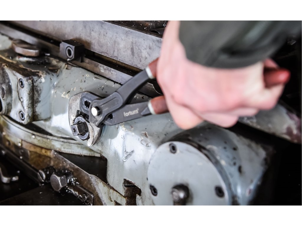 Fortum Hunter. Řada profesionálních nastavitelných kleští 4770202 s jednoduchým mechanismem, propracovanou konstrukcí a špičkovým materiálem (CrMoV ocel s čelistmi kalenými v oleji do tvrdosti cca 60HRC) slibuje nekonečnou řadu povolených závitů – bez přeskočení zámku! Zámek kleští Fortum Hunter uvolníte jednoduchým stiskem palce jedné ruky.
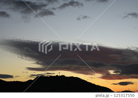 奈良若草山初秋の夕景 生駒山の上空で流れいく雲と奈良の街#21
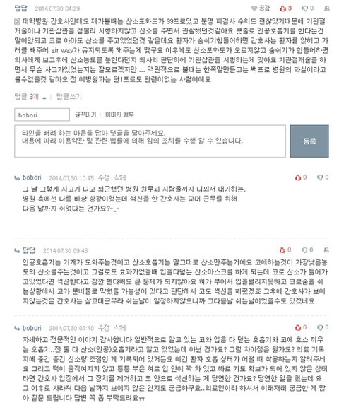 제가 본문에서 말한 호흡기는 기계로 하는 호흡기가 아닌 산소만 주는 호흡기라시며
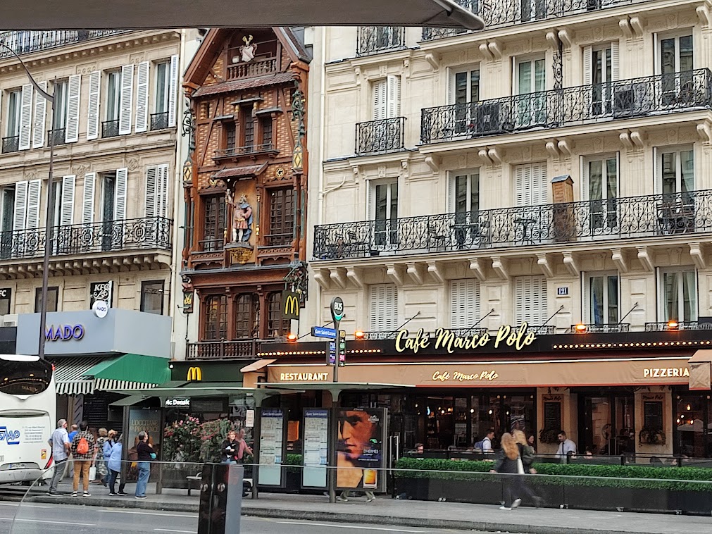 Durant les beaux jours, on s’installe en terrasse en admirant juste en face une étonnante façade d’un immeuble en bois tout droit sortie d’Alsace ! Classée monument historique, cette ancienne brasserie alsacienne construite en 1892 abrite aujourd’hui un Mac Do ! Mais quittons le 119 rue Saint-Lazare et retournons au 108 rue Saint-Lazare, où se trouve notre bien nommé Quai 108.
━━━
[What this task involves] Reproduce the data word for word, excluding its pictures.

[Answer below]
 Fortum Hunter. Řada profesionálních nastavitelných kleští 4770202 s jednoduchým mechanismem, propracovanou konstrukcí a špičkovým materiálem (CrMoV ocel s čelistmi kalenými v oleji do tvrdosti cca 60HRC) slibuje nekonečnou řadu povolených závitů – bez přeskočení zámku! Zámek kleští Fortum Hunter uvolníte jednoduchým stiskem palce jedné ruky.
 奈良若草山初秋の夕景 生駒山の上空で流れいく雲と奈良の街#21
 제가 본문에서 말한 호흡기는 기계로 하는 호흡기가 아닌 산소만 주는 호흡기라시며
 Durant les beaux jours, on s’installe en terrasse en admirant juste en face une étonnante façade d’un immeuble en bois tout droit sortie d’Alsace ! Classée monument historique, cette ancienne brasserie alsacienne construite en 1892 abrite aujourd’hui un Mac Do ! Mais quittons le 119 rue Saint-Lazare et retournons au 108 rue Saint-Lazare, où se trouve notre bien nommé Quai 108.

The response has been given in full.